» **STORED DATA**
════════════════

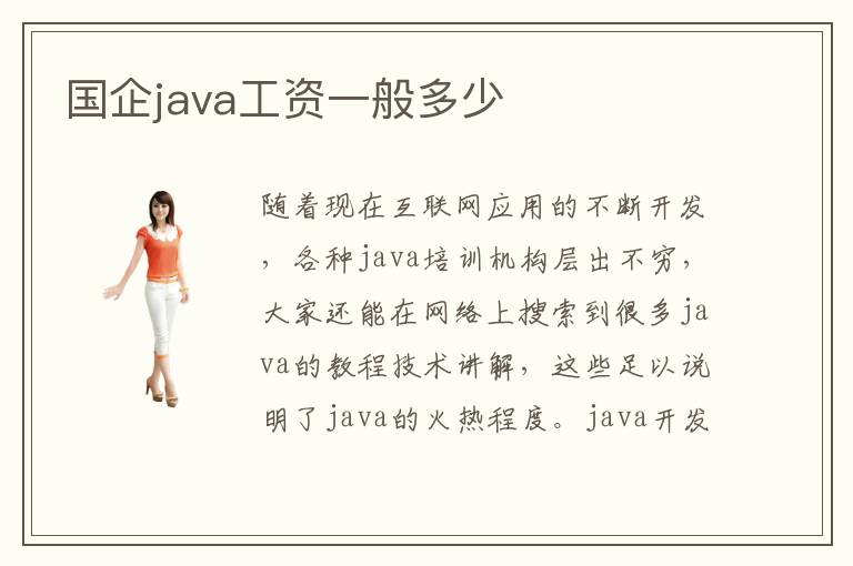隨著現(xiàn)在互聯(lián)網(wǎng)應(yīng)用的不斷開發(fā),各種java培訓(xùn)機(jī)構(gòu)層出不窮,大家還能在網(wǎng)絡(luò)上搜索到很多java的教程技術(shù)講解,這些足以說明了java的火熱程度。java開發(fā)設(shè)計(jì)工程師是目前最高薪的職業(yè)之一,那么,國企java程序員的工資一般多少呢?企業(yè)主要看中的是你的能力與人品,能力越高自然薪資待遇越好,當(dāng)然能力的提升也離不開各種經(jīng)驗(yàn)的挖掘,學(xué)習(xí)java還得堅(jiān)持啊。
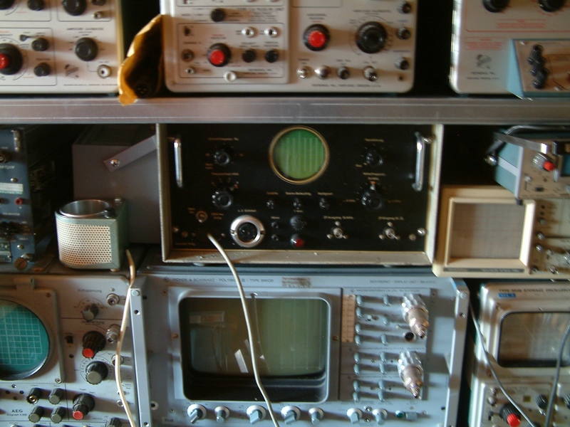 Das Bild habe ich mal wo aus dem Netz gefischt, ist kein Gerät von mir. Das Gerät hat ein offensichtlich nachgerüstetes Poti oben neben der Bildröhre. Dieses Poti dient der Einstellung der Strahlablenkgeschwindigkeit. Keines meiner Geräte hat dieses Poti, die Umbauten wurden vermutlich in den Endsiebzigern durchgeführt, diese Geräte haben dann meist "Post77" Aufkleber. Die technischen Details zu diesem Umbau ist z.B. eine meiner vielen Fragen zu den Gerätevarianten...... Obwohl ich viele Unterlagen zu den Geräten habe, geben diese zu den Umbauten nichts her. Falls jemand noch irgendwelche Unterlagen von dem Gerätesystem hat bitte alles anbieten!! Und falls jemand etwas braucht - mich fragen, helfe gerne!
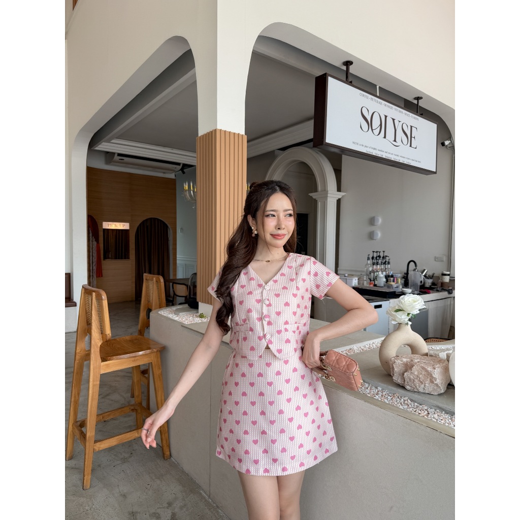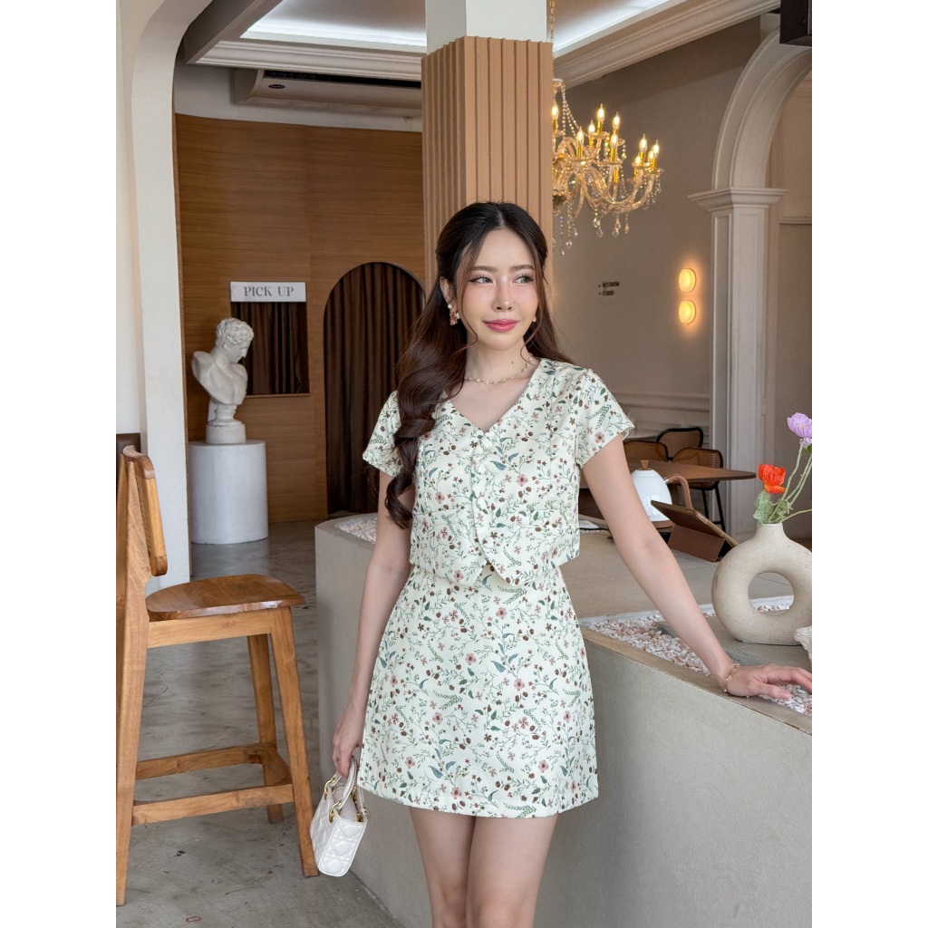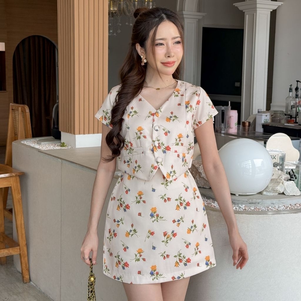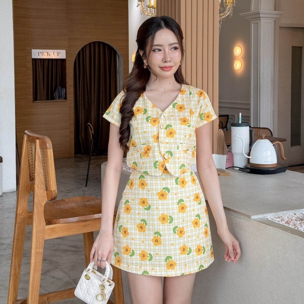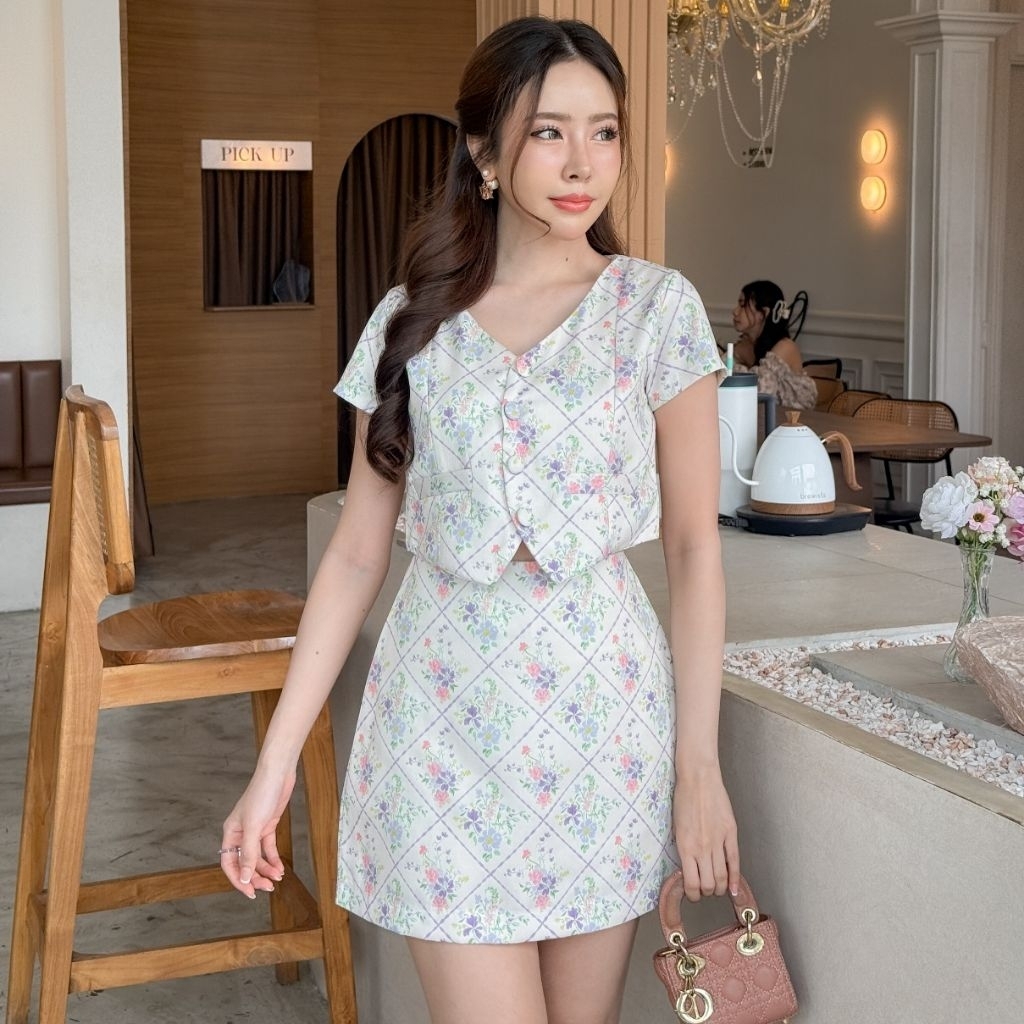 V3(S-3XL) ชุดเซ็ทเสื้อและกระโปรงสั้นลายดอกน่ารัก
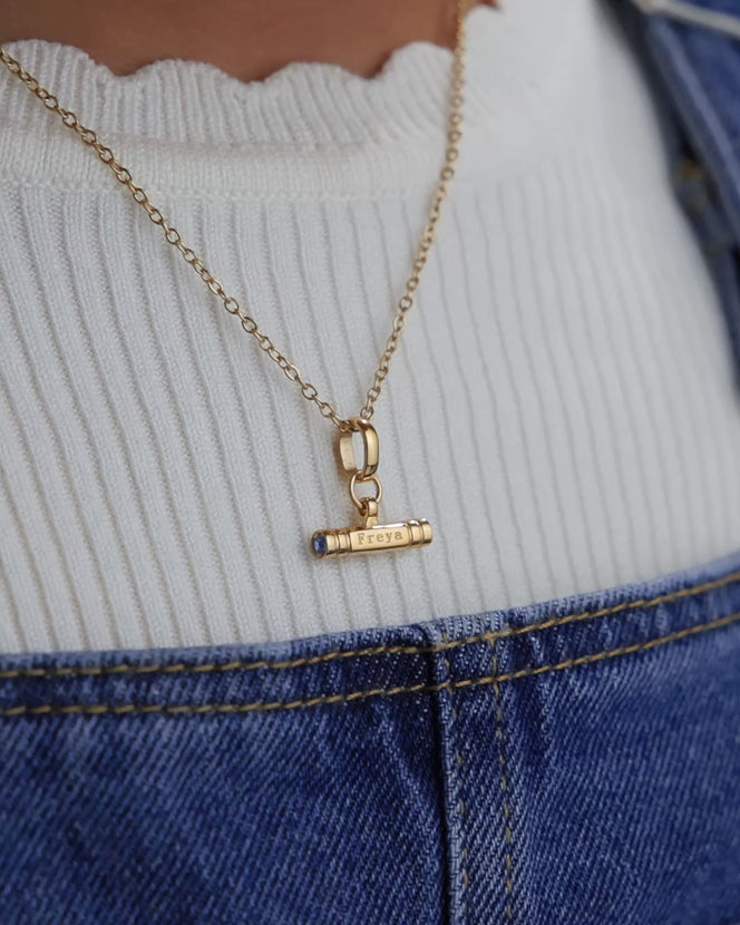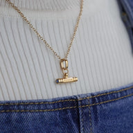 Mini Custom Stamped T-Bar Necklace (Gold)

════════════════

» **ASSIGNMENT**
Working from the listing above, retype it exactly but include no images.

» **OUTPUT OF THE EXERCISE**
隨著現(xiàn)在互聯(lián)網(wǎng)應(yīng)用的不斷開發(fā),各種java培訓(xùn)機(jī)構(gòu)層出不窮,大家還能在網(wǎng)絡(luò)上搜索到很多java的教程技術(shù)講解,這些足以說明了java的火熱程度。java開發(fā)設(shè)計(jì)工程師是目前最高薪的職業(yè)之一,那么,國企java程序員的工資一般多少呢?企業(yè)主要看中的是你的能力與人品,能力越高自然薪資待遇越好,當(dāng)然能力的提升也離不開各種經(jīng)驗(yàn)的挖掘,學(xué)習(xí)java還得堅(jiān)持啊。
 Das Bild habe ich mal wo aus dem Netz gefischt, ist kein Gerät von mir. Das Gerät hat ein offensichtlich nachgerüstetes Poti oben neben der Bildröhre. Dieses Poti dient der Einstellung der Strahlablenkgeschwindigkeit. Keines meiner Geräte hat dieses Poti, die Umbauten wurden vermutlich in den Endsiebzigern durchgeführt, diese Geräte haben dann meist "Post77" Aufkleber. Die technischen Details zu diesem Umbau ist z.B. eine meiner vielen Fragen zu den Gerätevarianten...... Obwohl ich viele Unterlagen zu den Geräten habe, geben diese zu den Umbauten nichts her. Falls jemand noch irgendwelche Unterlagen von dem Gerätesystem hat bitte alles anbieten!! Und falls jemand etwas braucht - mich fragen, helfe gerne!
 V3(S-3XL) ชุดเซ็ทเสื้อและกระโปรงสั้นลายดอกน่ารัก
 Mini Custom Stamped T-Bar Necklace (Gold)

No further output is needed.